How Much You Want for it???
haha....


----------



## GODWORK (Oct 2, 2022)

Its personal bro......not for sale...
LMFAO


----------



## bgsoobie (Oct 2, 2022)

MannyPacs said:


> I'll leave on the positive note. We can agree that it is indeed silly. Which is why I was pointing out it was dumb for fletch, I mean phenohunter to talk trash about 6 fems for 250. I wish you happiness and success brotha


Likewise brother! Impressive bean collection by the way.


----------



## bgsoobie (Oct 2, 2022)

Dank Budz said:


> Well... Here's a nug of the OGKB pheno of forum cookies x dosi 18 View attachment 5206537


Any herm issues? I've got a few fem packs ready to pop.


----------



## originalphenohunters (Oct 2, 2022)

thenotsoesoteric said:


> So fletch putting in more work than Karma?
> 
> Doubt


How big of a grow can you put up in NL? Your inexperience is evident.



MannyPacs said:


> I'll leave on the positive note. We can agree that it is indeed silly. Which is why I was pointing out it was dumb for fletch, I mean phenohunter to talk trash about 6 fems for 250. I wish you happiness and success brotha


I'm not him. But known him almost 20 years. This won't be the first or last time your assumptions are wrong. But keep on it.


----------



## Dank Budz (Oct 2, 2022)

bgsoobie said:


> Any herm issues? I've got a few fem packs ready to pop. View attachment 5206556


On this OGKB leaner no actually, she was the easiest of the tent, but I did get a few on the lowers on her sister, plucked them and they never came back


----------



## thenotsoesoteric (Oct 2, 2022)

originalphenohunters said:


> How big of a grow can you put up in NL? Your inexperience is evident.


Hahaha, sure bro


----------



## aBowlOfWhat? (Oct 2, 2022)

Bunch of adults in here crying… 300$ is chump change for what you can turn them into. Do ya know the type of cash real players drop on gear??? Complain about GGG if it’s that big a deal. 

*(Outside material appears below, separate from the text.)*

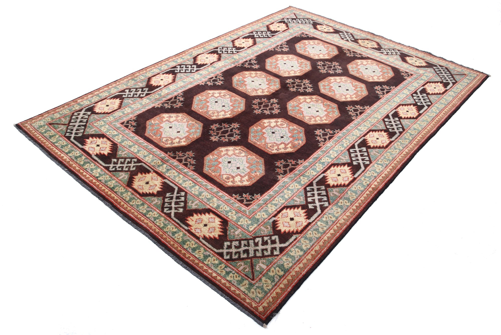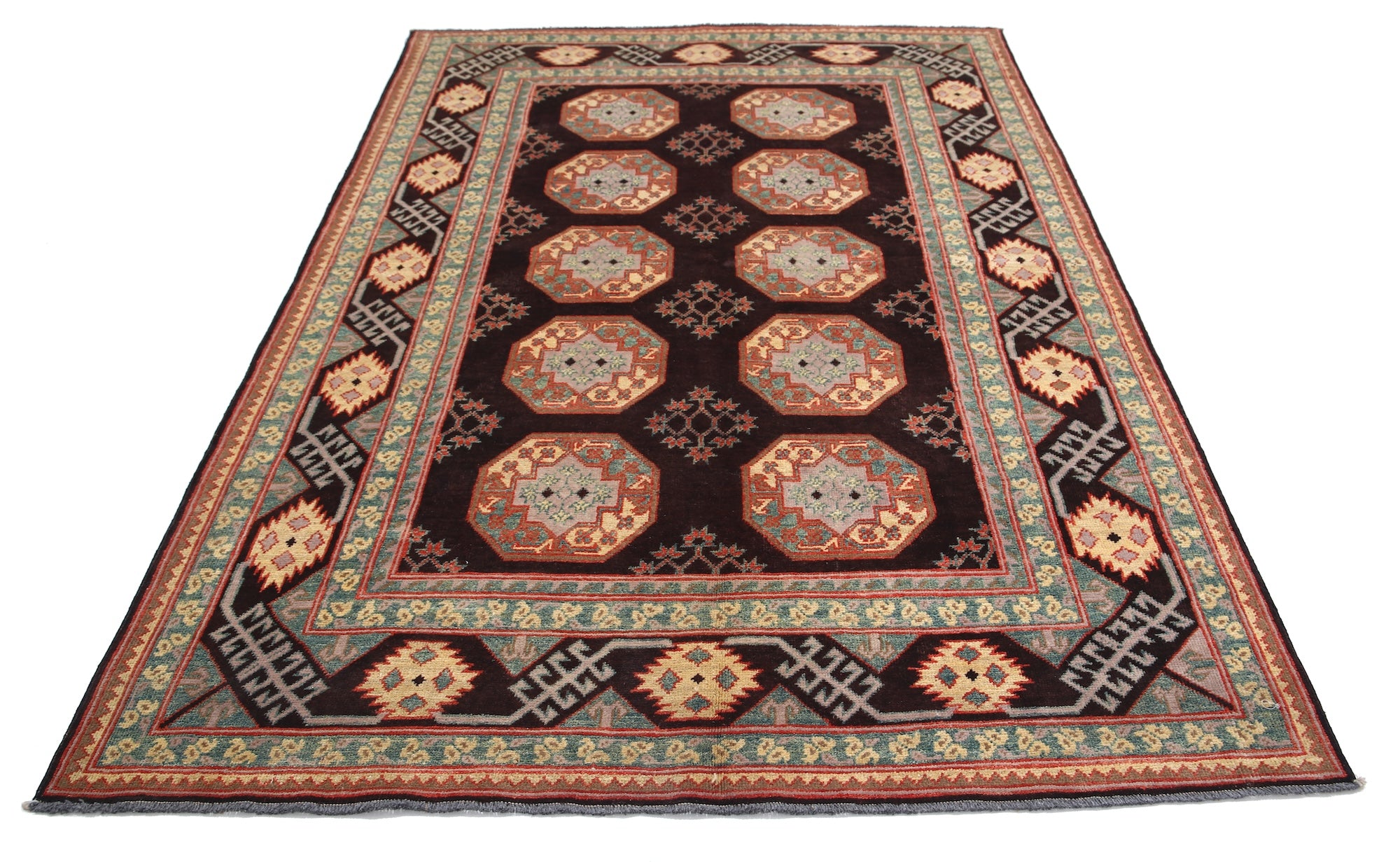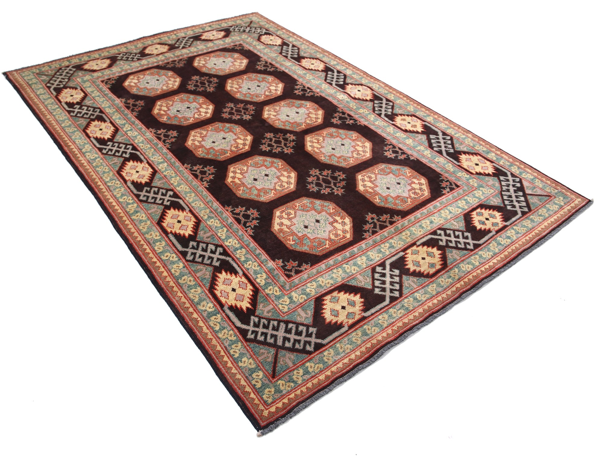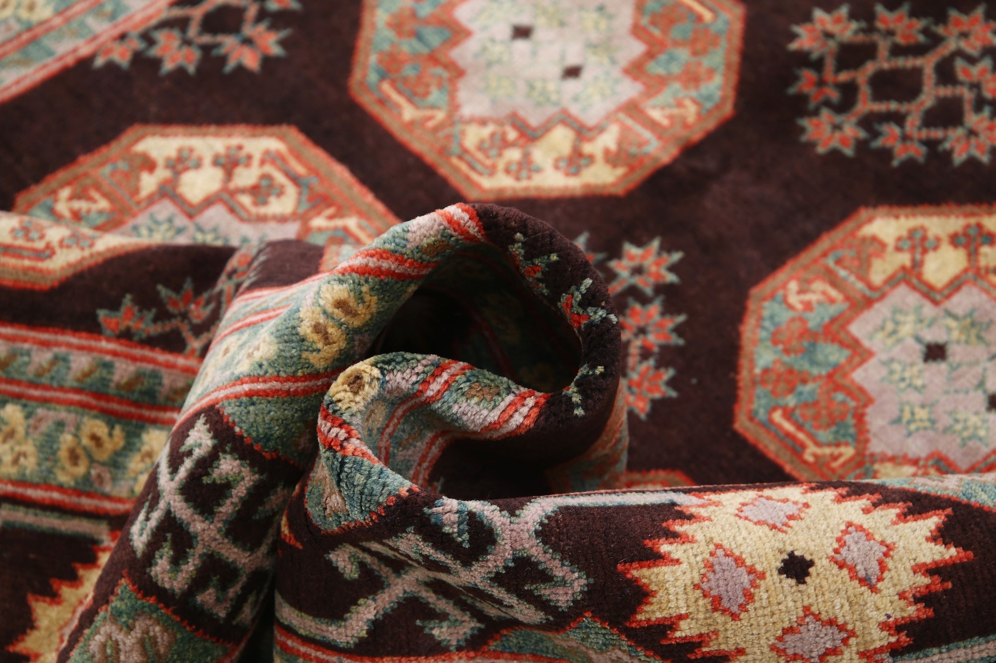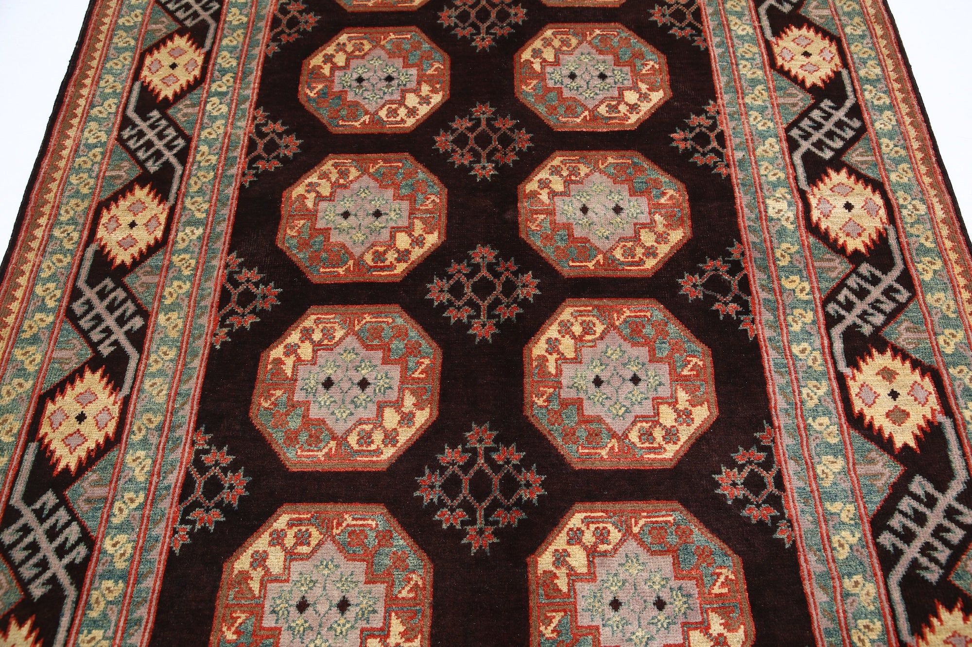 This artisan-crafted Afghan wool rug features a striking geometric tribal pattern, renowned for its cultural heritage and timeless appeal. Expertly hand-knotted by skilled weavers, it offers superior durability, making it perfect for high-traffic areas. Its intricate design and premium wool blend traditional craftsmanship with modern elegance, adding warmth and character to any space.

His prices are in line with what he felt like his work value is worth. And they are most definitely tested. He puts in hell of a lot of work and it’s has shown. Dudes work and his cuts are everywhere. And he has beans at all prices… and still got Karens in here whining. 
Imagine your gear wins the cannabis cup and numerous other awards… finally some real recognition and compensation for your years dedicated to the plant. And then to hear that these grown dudes don’t wanna pay for any of that but want Walmart/ Amazon prices.


----------



## yell.fire (Oct 2, 2022)

aBowlOfWhat? said:


> Bunch of adults in here crying… 300$ is chump change for what you can turn them into. Do ya know the type of cash real players drop on gear??? Complain about GGG if it’s that big a deal.
> 
> His prices are in line with what he felt like his work value is worth. And they are most definitely tested. He puts in hell of a lot of work and it’s has shown. Dudes work and his cuts are everywhere. And he has beans at all prices… and still got Karens in here whining.
> Imagine your gear wins the cannabis cup and numerous other awards… finally some real recognition and compensation for your years dedicated to the plant. And then to hear that these grown dudes don’t wanna pay for any of that but want Walmart/ Amazon prices.


imagine the internet.


----------



## wigsplitta713 (Oct 3, 2022)

Kings stash 3rd wk of flow


----------



## wigsplitta713 (Oct 4, 2022)

Moonbows 112IX are out one I had to help get her helmet off good now.


----------



## poundofyourfinest (Oct 7, 2022)

Rainbow beltz 1.0 lower around 3 or 4 weeks


----------



## Dividedsky (Oct 8, 2022)

Dark Rainbow 2.0 is pretty well priced at $150, I'm surprised they didn't sell out already since they dropped but archive probably has thousands of packs on deck


----------



## wigsplitta713 (Oct 12, 2022)

So far week 4 tomorrow on the kings stash#2 looking real good super sticky already smell is unique can't really point it out smelled before just not a lot stinky tho post pics later.


----------



## MannyPacs (Oct 12, 2022)

wigsplitta713 said:


> So far week 4 tomorrow on the kings stash#2 looking real good super sticky already smell is unique can't really point it out smelled before just not a lot stinky tho post pics later.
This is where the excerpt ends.